Le plus grand camp de réfugiés du monde est au point de rupture. Que fait l’Australie pour aider?


Sa vie est apparemment un cycle sans fin de souffrance, mais la foi de Nural Amin reste forte. Dans une salle de prière improvisée à l’arrière d’une maison à Sydney, lui et d’autres membres de la communauté Rohingya observent les prières du coucher du soleil de l’islam.
M. Amin a passé les 15 premières années de sa vie confiné entre les clôtures de barbelés de ce qui est aujourd’hui le plus grand camp de réfugiés au monde en termes de population, à Cox’s Bazar, au Bangladesh. Il n’était qu’un bébé lorsque sa famille a fui la persécution au Myanmar et le camp de Cox’s Bazar, ou une série de camps, abrite aujourd’hui environ un million de personnes.

« C’était très difficile », dit M. Amin. « Il n’y a aucune possibilité d’étudier, pas d’emploi, il n’y a pas de médicaments, pas assez de nourriture – ce n’est pas une vie. »

Un homme portant un t-shirt et une veste et debout à l'extérieur

Nural Amin a fui le camp de réfugiés au Bangladesh et vit maintenant à Sydney. La source: Actualités SBS

Avec son avenir sombre, la mère de M. Amin l’a exhorté à trouver une issue. Il dit avoir été victime de la traite via l’Inde, la Thaïlande, la Malaisie et l’Indonésie avant d’arriver finalement en Australie en 2012.

Mais sa famille et ses amis languissent toujours à Cox’s Bazar avec une toute nouvelle génération Rohingya.

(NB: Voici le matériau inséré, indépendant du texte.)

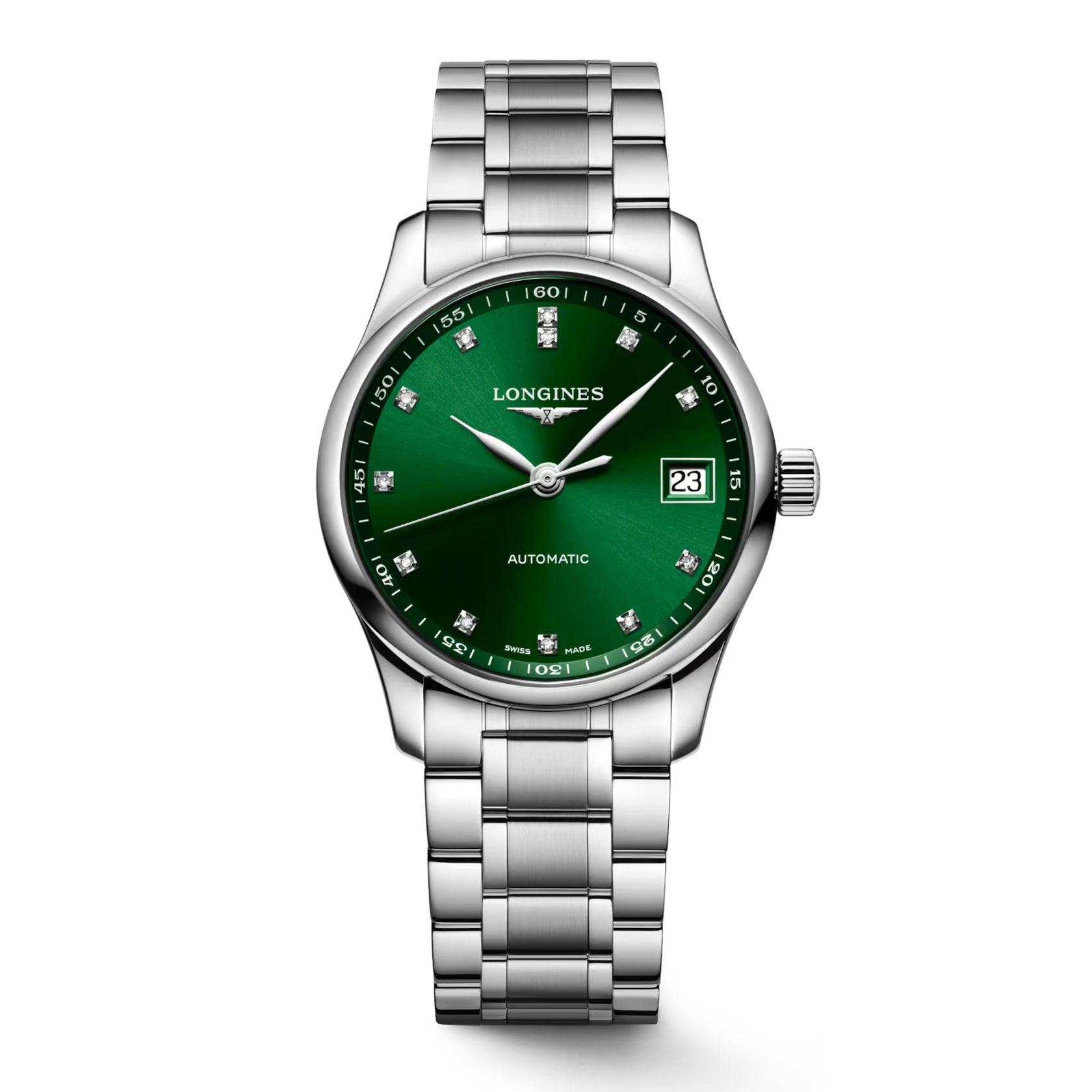 Longines orologio Master Collection 34mm verde diamanti automatico acciaio L2.357.4.99.6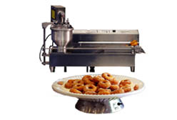 This donut maker produces high quality, well formed cake donuts right out the box, and makes excellent raised donuts with a few accessories. Capacity is approximately 37 dozen per hour. with a mini donut conversion kit, you can make both full size and mini donuts. The mark ll is compatible with the insider Vent less Cabinet. All electric donut machine, capacity approximately 37 dozen standard size donut per hour. Deposits 2 standard donuts per conveyor row. A half-speed switch can cut output to 1 per row.

Une infographie de Cox's Bazar montrant combien de personnes vivent dans le camp là-bas

La source: Actualités SBS

Paul McPhun, responsable du projet Asie du Sud-Est et Pacifique à l’association caritative médicale Médecins Sans Frontière (MSF), affirme que la persécution de la minorité ethnique « dure depuis des décennies ».

« Le premier déplacement des Rohingyas remonte à plus de 40 ans, nous parlons donc de quatre générations qui ont connu la violence et ont dû fuir et trouver la sécurité ailleurs », dit-il.

Avant 2017, les camps de Cox’s Bazar abritaient environ 34 000 réfugiés, mais en août de la même année, l’armée birmane a déclenché une répression meurtrière contre les Rohingyas. Près de 7 000 personnes, dont des enfants, ont été tuées dans le mois qui a suivi l’éruption de la violence, selon MSF.

Une carte montrant des flèches du Myanmar vers les pays voisins

La source: Actualités SBS

par Human Rights Watch a découvert qu’au moins 288 villages avaient été partiellement ou totalement détruits par des incendies dans le nord de l’État de Rakhine au Myanmar, où vivent principalement des Rohingyas. L’assaut brutal a déclenché un exode massif, avec des centaines de milliers de personnes fuyant vers le Bangladesh voisin.

Cinq ans plus tard, les colonies de fortune (l’ONU dit qu’il y a 34 camps) abritent désormais environ un million de personnes, entassées dans une zone de seulement 26 kilomètres carrés. Les données du HCR à la fin du mois de juillet évaluent le nombre total de Rohingyas à 936 000.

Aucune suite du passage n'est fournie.